What is needed: Return only the lines of the data below from the line with "Para este sábado, se" up to and including the line with "I just want", exactly as written, with the pictures omitted.

Records to use:
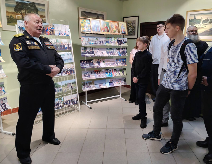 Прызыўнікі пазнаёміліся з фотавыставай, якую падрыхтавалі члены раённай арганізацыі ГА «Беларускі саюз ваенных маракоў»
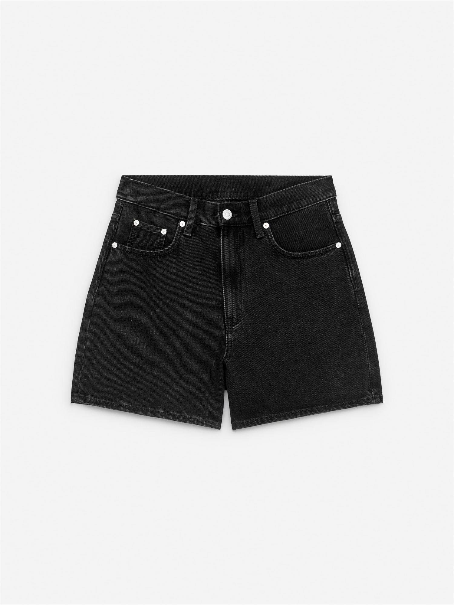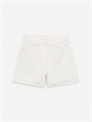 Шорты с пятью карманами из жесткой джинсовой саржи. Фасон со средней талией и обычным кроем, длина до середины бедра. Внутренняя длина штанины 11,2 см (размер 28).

...

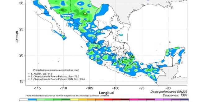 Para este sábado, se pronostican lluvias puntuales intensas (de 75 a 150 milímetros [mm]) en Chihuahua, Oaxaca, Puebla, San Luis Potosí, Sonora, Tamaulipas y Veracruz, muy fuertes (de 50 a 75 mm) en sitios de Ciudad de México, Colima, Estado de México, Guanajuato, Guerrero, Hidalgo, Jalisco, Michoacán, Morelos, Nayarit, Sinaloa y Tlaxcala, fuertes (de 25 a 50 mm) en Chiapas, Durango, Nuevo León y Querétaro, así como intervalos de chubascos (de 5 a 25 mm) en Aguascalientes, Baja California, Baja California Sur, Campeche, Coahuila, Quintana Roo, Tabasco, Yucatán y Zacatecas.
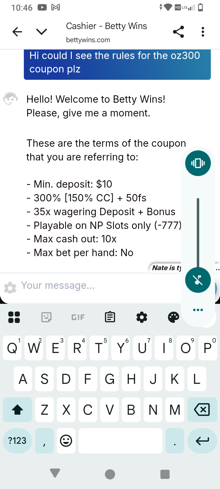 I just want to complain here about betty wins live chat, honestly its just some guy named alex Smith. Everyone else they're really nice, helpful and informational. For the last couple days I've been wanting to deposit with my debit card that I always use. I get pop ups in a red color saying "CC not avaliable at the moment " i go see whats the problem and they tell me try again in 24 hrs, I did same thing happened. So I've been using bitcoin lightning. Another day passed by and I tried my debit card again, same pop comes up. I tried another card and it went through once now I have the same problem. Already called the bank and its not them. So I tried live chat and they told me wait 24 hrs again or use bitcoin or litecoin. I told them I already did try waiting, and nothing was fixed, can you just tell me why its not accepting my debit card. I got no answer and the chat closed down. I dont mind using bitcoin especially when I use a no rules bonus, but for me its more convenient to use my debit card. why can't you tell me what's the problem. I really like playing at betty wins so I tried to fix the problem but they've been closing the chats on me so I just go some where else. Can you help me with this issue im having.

Response to the task:
 Para este sábado, se pronostican lluvias puntuales intensas (de 75 a 150 milímetros [mm]) en Chihuahua, Oaxaca, Puebla, San Luis Potosí, Sonora, Tamaulipas y Veracruz, muy fuertes (de 50 a 75 mm) en sitios de Ciudad de México, Colima, Estado de México, Guanajuato, Guerrero, Hidalgo, Jalisco, Michoacán, Morelos, Nayarit, Sinaloa y Tlaxcala, fuertes (de 25 a 50 mm) en Chiapas, Durango, Nuevo León y Querétaro, así como intervalos de chubascos (de 5 a 25 mm) en Aguascalientes, Baja California, Baja California Sur, Campeche, Coahuila, Quintana Roo, Tabasco, Yucatán y Zacatecas.
 I just want to complain here about betty wins live chat, honestly its just some guy named alex Smith. Everyone else they're really nice, helpful and informational. For the last couple days I've been wanting to deposit with my debit card that I always use. I get pop ups in a red color saying "CC not avaliable at the moment " i go see whats the problem and they tell me try again in 24 hrs, I did same thing happened. So I've been using bitcoin lightning. Another day passed by and I tried my debit card again, same pop comes up. I tried another card and it went through once now I have the same problem. Already called the bank and its not them. So I tried live chat and they told me wait 24 hrs again or use bitcoin or litecoin. I told them I already did try waiting, and nothing was fixed, can you just tell me why its not accepting my debit card. I got no answer and the chat closed down. I dont mind using bitcoin especially when I use a no rules bonus, but for me its more convenient to use my debit card. why can't you tell me what's the problem. I really like playing at betty wins so I tried to fix the problem but they've been closing the chats on me so I just go some where else. Can you help me with this issue im having.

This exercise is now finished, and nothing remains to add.